§ What to produce: Could you retype exactly the lines below between the one holding "RBO08-40G数据手册D" and the one holding "The breakroom was", inclusive, leaving out any pictures?

§ Supplied entries:
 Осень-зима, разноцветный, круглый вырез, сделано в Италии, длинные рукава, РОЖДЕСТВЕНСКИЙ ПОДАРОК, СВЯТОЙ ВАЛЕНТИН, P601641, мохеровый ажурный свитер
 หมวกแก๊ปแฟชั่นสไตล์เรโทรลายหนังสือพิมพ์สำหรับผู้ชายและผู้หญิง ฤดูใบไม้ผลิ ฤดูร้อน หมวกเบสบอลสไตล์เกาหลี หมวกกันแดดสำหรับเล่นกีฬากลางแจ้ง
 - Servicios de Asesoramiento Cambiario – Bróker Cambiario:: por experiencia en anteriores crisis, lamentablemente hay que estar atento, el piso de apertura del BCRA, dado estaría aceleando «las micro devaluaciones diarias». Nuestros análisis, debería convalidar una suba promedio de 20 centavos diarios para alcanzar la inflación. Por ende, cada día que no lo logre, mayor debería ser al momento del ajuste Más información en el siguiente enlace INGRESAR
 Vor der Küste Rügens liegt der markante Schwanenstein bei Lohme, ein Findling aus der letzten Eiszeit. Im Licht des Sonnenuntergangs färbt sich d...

...

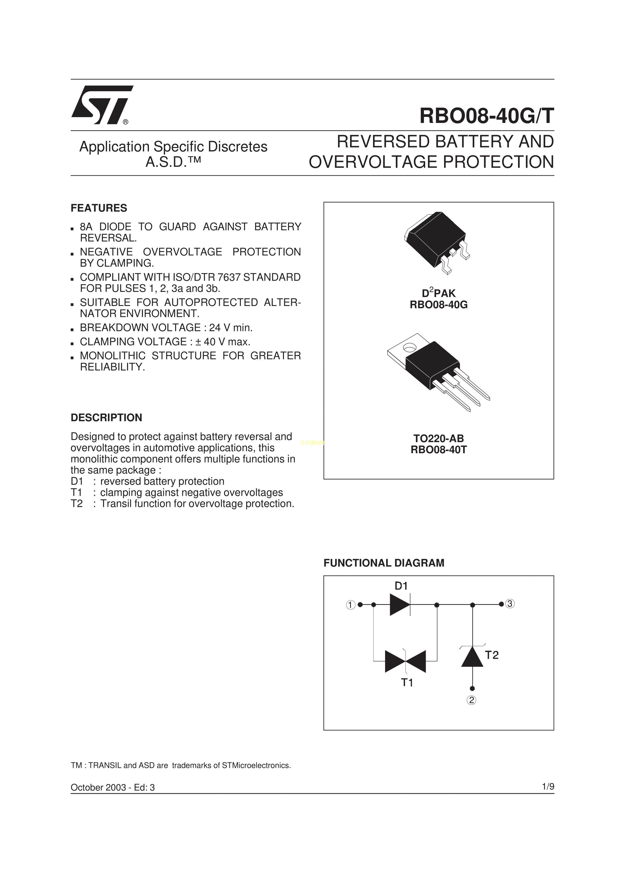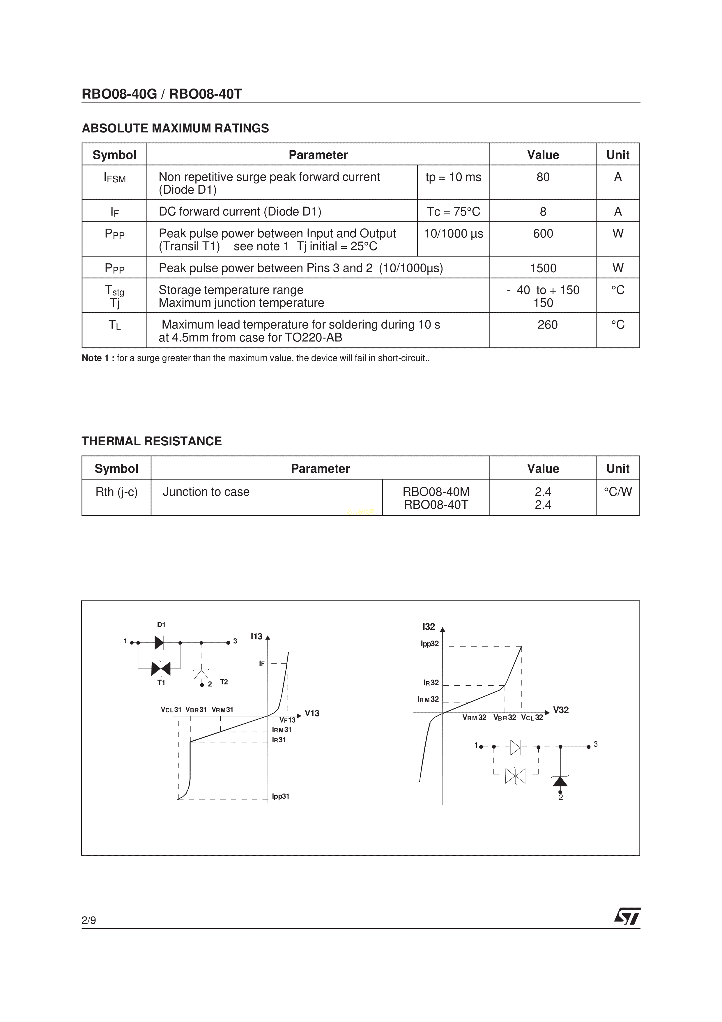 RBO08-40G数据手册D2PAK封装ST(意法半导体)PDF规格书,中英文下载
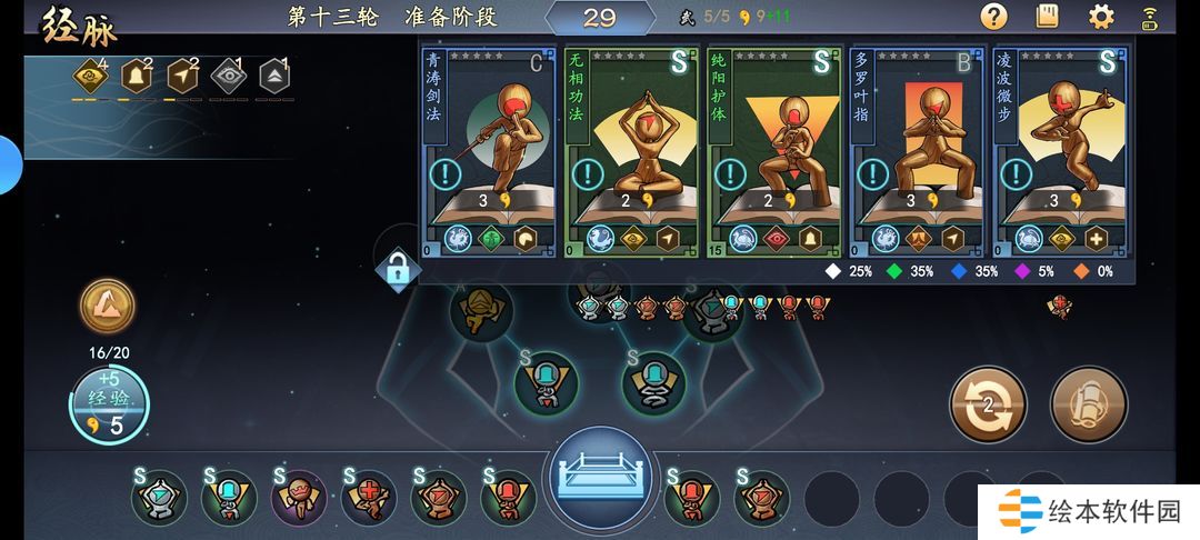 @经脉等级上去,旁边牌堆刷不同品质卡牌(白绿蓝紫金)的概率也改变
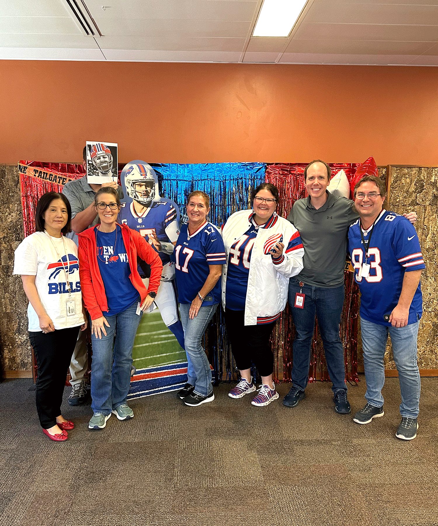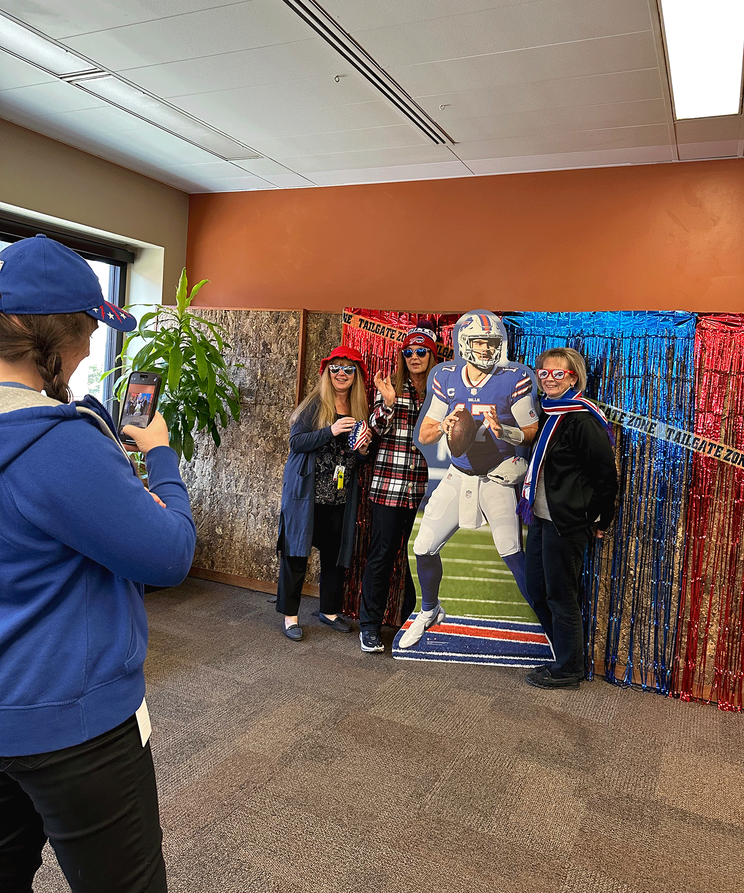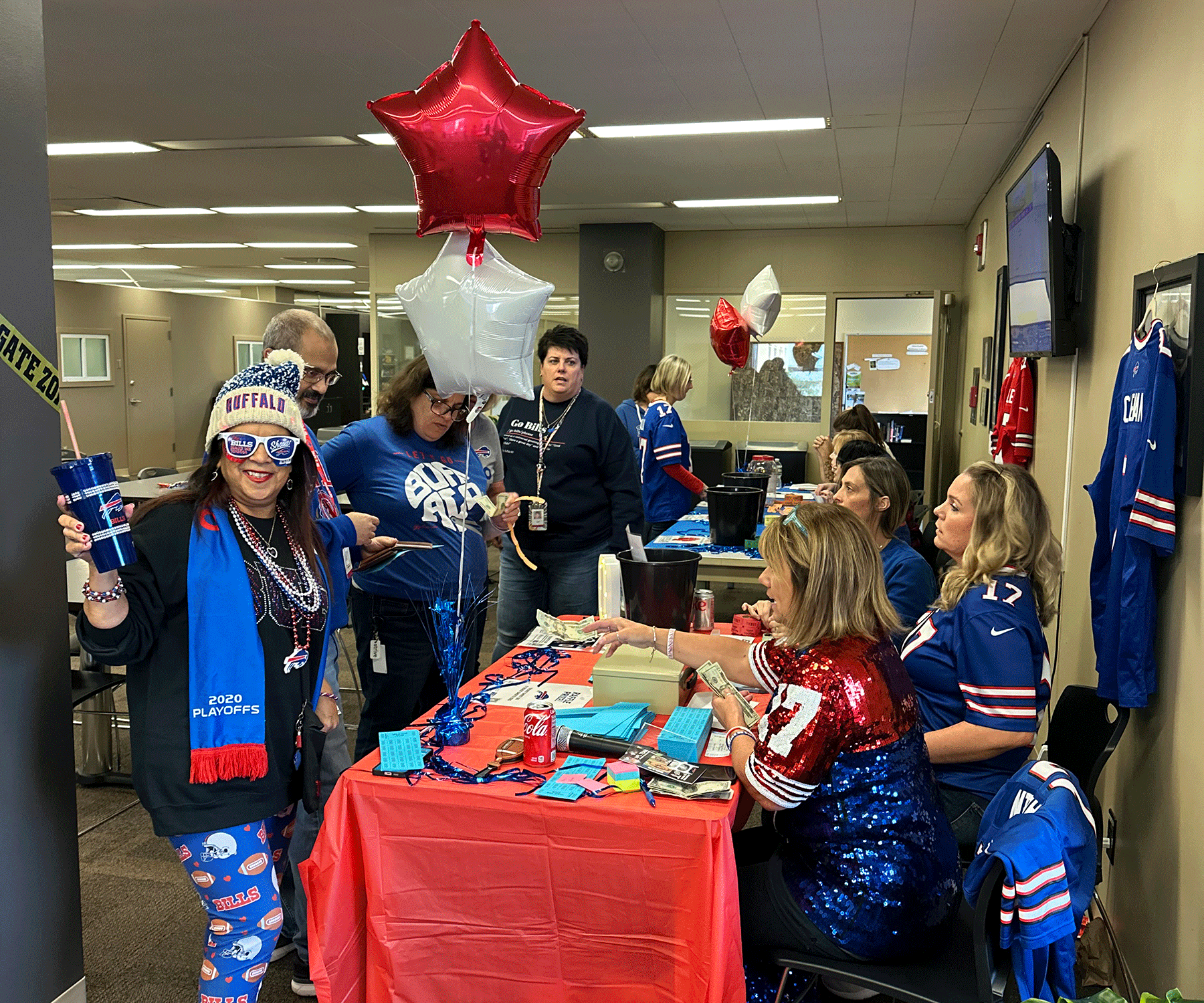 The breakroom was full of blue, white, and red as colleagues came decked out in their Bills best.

---

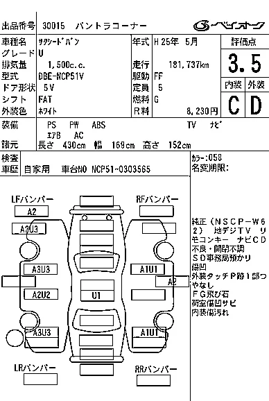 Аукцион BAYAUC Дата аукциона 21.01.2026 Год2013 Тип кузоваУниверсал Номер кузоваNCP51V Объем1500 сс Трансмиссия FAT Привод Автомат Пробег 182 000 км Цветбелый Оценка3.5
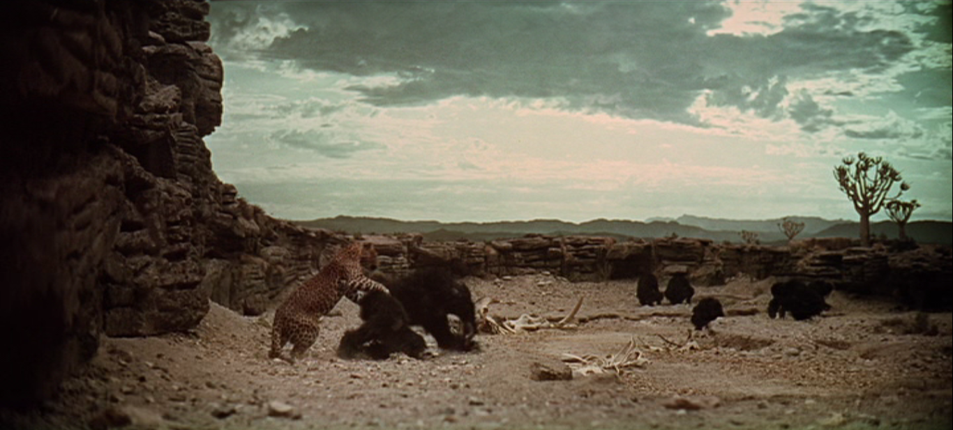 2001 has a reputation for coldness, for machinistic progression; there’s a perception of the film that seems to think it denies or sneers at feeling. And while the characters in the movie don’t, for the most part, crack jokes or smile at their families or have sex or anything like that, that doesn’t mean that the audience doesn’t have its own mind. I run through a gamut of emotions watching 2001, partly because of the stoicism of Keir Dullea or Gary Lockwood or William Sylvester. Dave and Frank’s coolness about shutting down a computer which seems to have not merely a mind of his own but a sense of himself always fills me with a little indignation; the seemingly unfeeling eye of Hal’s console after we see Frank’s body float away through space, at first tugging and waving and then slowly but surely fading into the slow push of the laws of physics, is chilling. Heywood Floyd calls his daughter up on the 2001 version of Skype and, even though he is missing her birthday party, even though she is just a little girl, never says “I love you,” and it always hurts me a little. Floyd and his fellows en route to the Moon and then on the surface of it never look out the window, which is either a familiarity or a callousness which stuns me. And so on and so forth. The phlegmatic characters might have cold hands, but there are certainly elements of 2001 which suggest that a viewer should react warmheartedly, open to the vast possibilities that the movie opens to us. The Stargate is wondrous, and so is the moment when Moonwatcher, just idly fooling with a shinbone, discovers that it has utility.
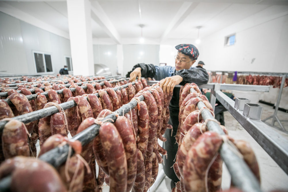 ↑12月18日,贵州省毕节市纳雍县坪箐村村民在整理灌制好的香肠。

§ Exercise response:
 RBO08-40G数据手册D2PAK封装ST(意法半导体)PDF规格书,中英文下载
 @经脉等级上去,旁边牌堆刷不同品质卡牌(白绿蓝紫金)的概率也改变
 The breakroom was full of blue, white, and red as colleagues came decked out in their Bills best.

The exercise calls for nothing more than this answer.